So I know this first hour has been a lot on the mindset, but there is nothing more important, promise you there’s nothing more important after 22 years of teaching this and in the industry, 27 years, this is always the most important part of everyone I work with. They have this or they don’t. And if they have this, they do phenomenal.
If they don’t have it, they struggle. You got to get this right. So if you’re looking to make a change, hopefully you’re here to be either reinforced concepts, you know, and trust to learn new concepts, but hopefully you’re looking to make a change. Um, there’s something that we, you know, we’ve probably all seen.
It’s called ERO event response and outcome. This has been around forever. A lot of times people see it in terms of life is 10 percent what happens, 90 percent how you handle it in a professional context. We use that life as te or, or professional, uh, context as, uh, the event’s 10%, the response is 90%, that determines what the outcome is gonna be.
The response is the sum of your knowledge, your skill, your experience, your attitude, and your mindset. And the cool thing about this simple equation is that we have 90 percent the ability to impact each and every outcome or situation we find ourself in. As we improve our knowledge, skill, attitude, mindset, and behavior, we can improve outcomes.
Earlier in my sales career, guess what? I didn’t like landlords. You know why? Landlords don’t appreciate quality. They don’t appreciate a company like me. You can’t sell them. I, the competitive side of me said, Russ, stop it. That’s stupid. Quit blaming the source for your failures. What can you do differently to appeal to a landlord?
And I changed. I looked at that 90 percent equation and said, what, what, what can I do different to get a better outcome with the landlord? And then I did it. And then I did the same thing with house flippers, and the same thing with an internet lead, and the same thing with every lead source. Um, you know, those guys have been through my sales train.
No, I don’t use closing ratio. I use connection ratio. Because that’s all it really is. You don’t close more because you’re a better closer. In fact, I don’t even teach closing techniques. If you have to close, you’ve done something wrong. It’s a connection ratio because you learn to connect with new and different types of buyers.
And I personally lived that very real in the 90s, closing 40, 50, 60, in the early 2000s, 70, 80, in the mid 80s, I didn’t become a better closer. I just learned how to connect with different types of buyers. I learned the different types of lead source required different effort. I learned what the non demand, the demand seasons look like and the effort for me that was so different.

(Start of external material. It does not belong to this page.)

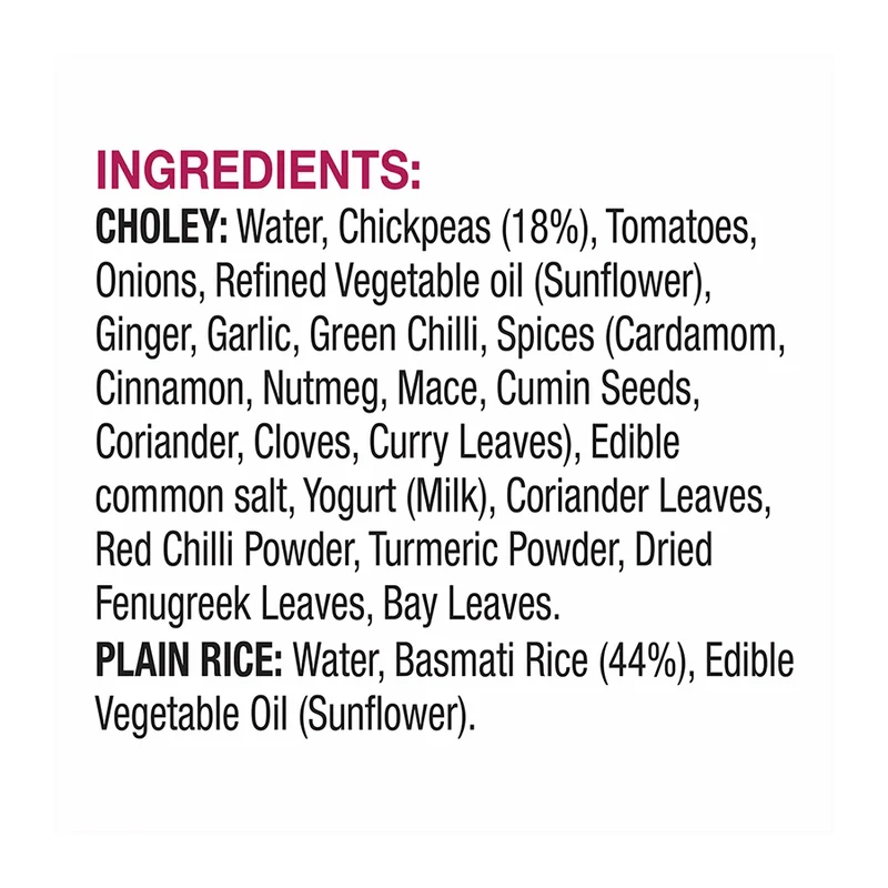 Treat yourself to a mouth-watering meal of haldiram’s Purani Dilli Choley with Plain Rice. This Indian combo meal consists of chickpeas cooked in a tomato and onion gravy with aromatic spices, served with long grain steamed basmati rice. This meal is ready to eat in minutes, just heat and serve. Haldiram’s Purani Dilli Choley with Plain Rice is a perfect choice for a quick and satisfying lunch or dinner. Try it today and enjoy the authentic taste of Delhi cuisine!

So, it’s just learning how to change your response based on the event to get the outcome that we’re all looking for. And each homeowner, there’s a little bit different response required to get the best result from them. I had a guy ride with me on a, he was a new guy, so I ran all three calls for him one day.
At the end of the day, he looked at me and said, Russ, you know what, you said the same thing every single time, but completely differently. And I said, bingo, you got it. He looked really confused. So it took some time to kind of clarify that for him and train him. But, but that’s exactly what he saw. The same thing every time, but completely different.
And what made it completely different was, those were three completely different homeowners. That talked differently, that communicated differently, that valued differently, and that made decisions differently. So, I don’t ever care about a lead source. I don’t care about what the lead source says, what the lead sheet says, it doesn’t matter to me.
That’s the event. That’s 10 percent of my success. I just worry about what am I going to do with that opportunity, that lead source, to get the best possible outcome. And that’s going to keep me happy. It’s going to keep me healthy. When you ride the outcome, and that determines your success, your happiness, and now you feel about yourself, that’s a horrible rollercoaster ride.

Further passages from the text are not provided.